§ Exercise requirements
Output only the lines below from the one containing "many the agony" to the one containing "Джемпер доступен в", exactly as written, both ends kept.

§ Dataset entries
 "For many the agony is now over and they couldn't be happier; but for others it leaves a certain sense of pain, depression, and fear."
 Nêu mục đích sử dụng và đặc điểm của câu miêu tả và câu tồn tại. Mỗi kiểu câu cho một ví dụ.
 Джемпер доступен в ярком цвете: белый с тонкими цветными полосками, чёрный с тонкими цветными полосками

--

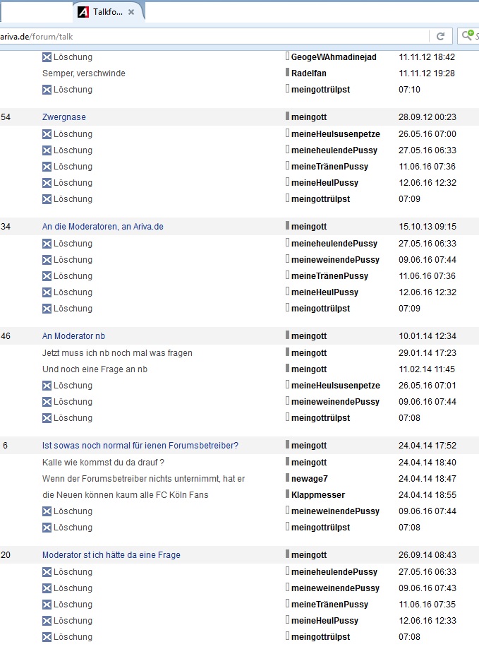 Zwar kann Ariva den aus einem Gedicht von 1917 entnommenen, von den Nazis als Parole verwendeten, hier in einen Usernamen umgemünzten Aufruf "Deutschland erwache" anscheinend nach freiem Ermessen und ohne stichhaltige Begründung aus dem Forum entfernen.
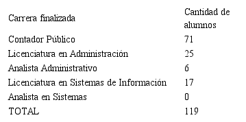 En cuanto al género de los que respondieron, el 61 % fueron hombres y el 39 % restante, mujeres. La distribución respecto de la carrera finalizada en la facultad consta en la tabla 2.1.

§ Problem solution
 "For many the agony is now over and they couldn't be happier; but for others it leaves a certain sense of pain, depression, and fear."
 Nêu mục đích sử dụng và đặc điểm của câu miêu tả và câu tồn tại. Mỗi kiểu câu cho một ví dụ.
 Джемпер доступен в ярком цвете: белый с тонкими цветными полосками, чёрный с тонкими цветными полосками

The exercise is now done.